Optimizing your Submission Script
Slurm will attempt to run your job wherever it can place it, however, this is hugely dependent on how your submission script specifies its resources. Thus, if you can reduce your submission script requirements, your job has a much higher chance of being scheduled faster.
Memory Requirements
--mem is most often used to specify the amount of memory your job will take per node. However, this is largely dependent on how many tasks you can fit in a node or the number of nodes you'll require. If you don't specify the number of nodes you need, slurm won't balance out the tasks, often leading to out-of-memory errors on nodes where more jobs were placed than expected. Another issue arises when the cluster is under heavy use. Small pockets of resources are scattered through the cluster, and won't be easy to acquire when your job needs a fixed amount of memory per node.
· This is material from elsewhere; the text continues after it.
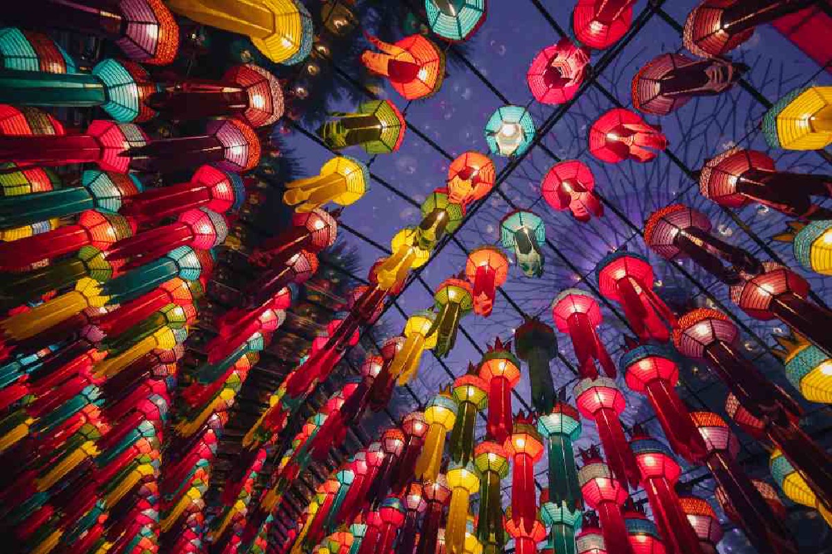 This lantern set consists of an archway which brings to mind the Lanna architecture style, decorated with colourful traditional lanterns representing spiritual devotion (also known as Shan lanterns).

To prevent this, we can use --mem-per-cpu instead. If each task only requires a certain amount of memory, you can specify this amount instead. This way, the scheduler can better allocate resources -- if tasks require more memory than what's available on a node, they'll be split, and if there are pockets of resources a single task can fit in, it will allocate that spot.
Partitions
Slurm's partitions can be considered job queues, each of which has an assortment of constraints such as job size limit, job time limit, users permitted to use it, etc. Jobs that only need a short amount of time to run, but a large number of processors, will have their jobs categorized differently than jobs that may need to run for days and require fewer processors. In addition, partitions can be used to group together nodes that have general hardware that others don't (ex, GPU partition has GPUs in its nodes).
To set a partition, use:
#sbatch --partition=[partition]
in your submission script, or specify it on the command line using --partition.
AI.Panther Partitions
These partitions exist on AI.Panther:
Partition Name |
Max Compute Time |
Max Nodes |
Allowed Groups |
short
|
45 minutes |
16 |
AI.Panther users
|
med
|
4 hours |
16 |
AI.Panther users
|
long
|
7 days |
16 |
AI.Panther users
|
eternity
|
infinite |
16 |
AI.Panther users |
gpu1
|
Infinite |
4 |
gpu1 users |
gpu2
|
infinite |
4 |
gpu2 users |
NOTE: gpu1 are 4 nodes (gpu01-gpu04) with 4 A100 GPUs with SXM4 (NVLink) interconnects. This partition is setup for jobs requiring a high amount of bandwidth between GPUs compared to the A100 PCIe nodes. Additional information about comparing the differences: https://infohub.delltechnologies.com/p/accelerating-hpc-workloads-with-nvidia-a100-nvlink-on-dell-poweredge-xe8545/
NOTE: gpu2 are 4 nodes (gpu05-gpu08) with 4 A100 GPUs with PCIe interconnects.
Running GPU Jobs
Running GPU jobs is very similar to running regular jobs. An extra parameter has to be passed (--gres) and the partition must be set to gpu.
#sbatch --partition=gpu1
will set your partition.
#sbatch --gres=gpu:[#]
will set the number of GPUs you want per node. Note that this differs from ntask, specified earlier. --gres will request n number of GPUs from each node. Thus, if you request 4 nodes with --gres=gpu:2, you will have [4 nodes] * [2 GPU/node] = 8 GPUs in total. This option will not exceed 4, as we only have 4 GPUs per node.
Also, GPUs can be selected based on whether or not they support GPUDirect technology. Each GPU node has 2 standard GPUs and 2 GPUDirect enabled GPUs. To select between the two, you can use:
#sbatch --gres=gpu:[type]:[#]
where [type] is either gpudirect or standard.